Bloomberg (06/15/15) Rich Miller
U.S. Federal Reserve officials face the challenge of determining who is correct about the state of the job market: economists or staffing firm executives dealing with companies on Main Street. Citing growing wage pressures, some economists make the case that the U.S. economy has returned to full employment, with little or no slack. Staffing executives, meanwhile, say the reality is more complicated than the numbers suggest. They say the improving job outlook will bring more people into the labor market, preventing wages from rising too quickly.
If the economists are correct, the Fed runs the risk of sparking unwanted inflation the longer it waits to raise interest rates. But if staffing firms are correct, the Fed can afford to wait. Making the call isn’t easy, because labor market improvements aren’t uniform. The increase in wages partially is being driven by competition for job applicants with specialized skills. However, there are millions of people with outmoded job skills stuck in part-time work or on the sidelines.

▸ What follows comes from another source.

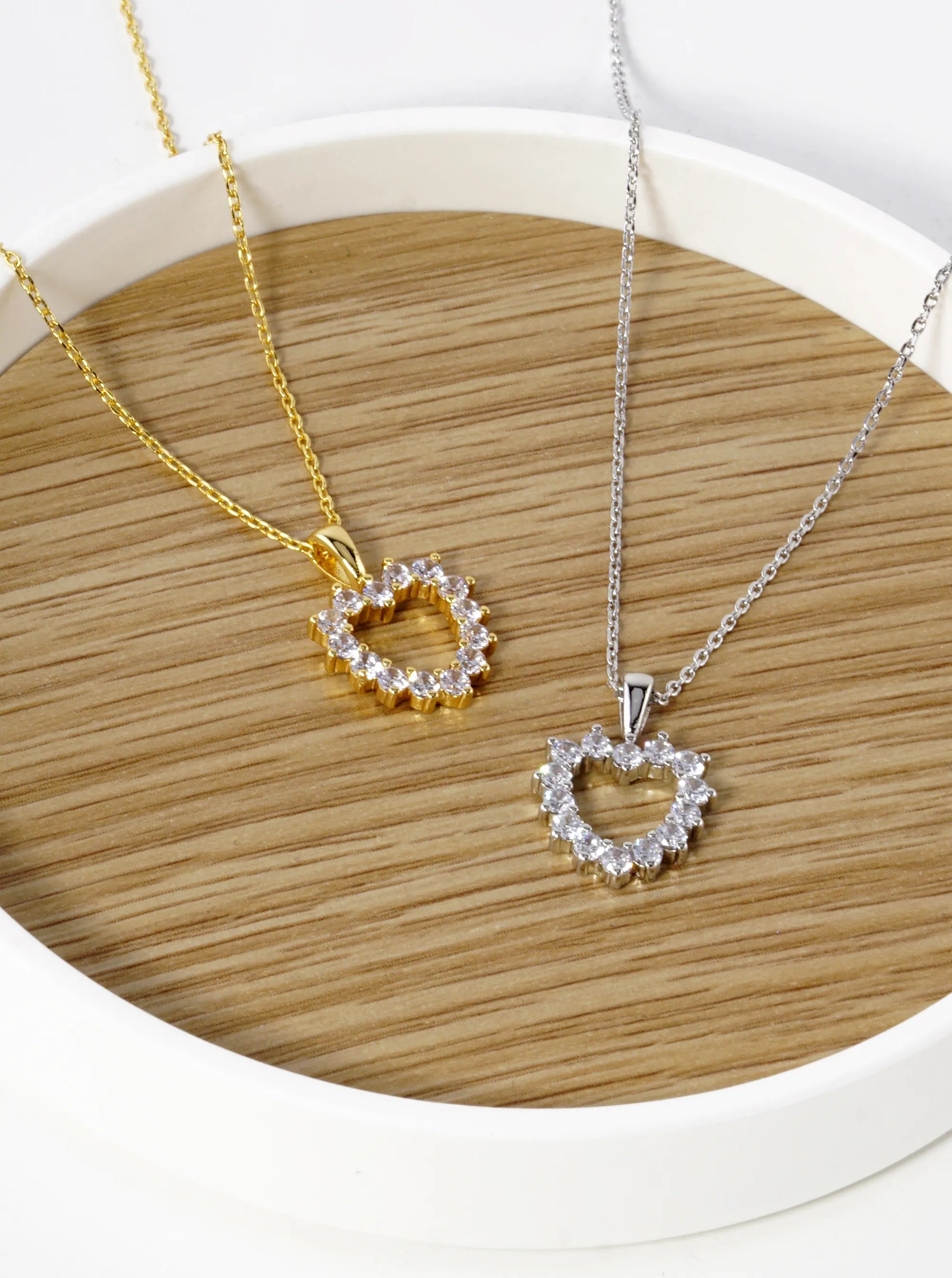 18K Gold Dipped CZ Pave 13mm Heart Pendant Necklace

There certainly is “a war for talent,” says Paul McDonald, a senior executive director at Robert Half International Inc., which has led in some cases to wage increases of 10% to 20%. However, the demand for employees is “not across the board. It’s still a specialist market.” Jeffrey Joerres, executive chairman of ManpowerGroup Inc., says that while wages are starting to increase, companies are wary of the economic outlook, so he doesn’t expect a surge in salaries.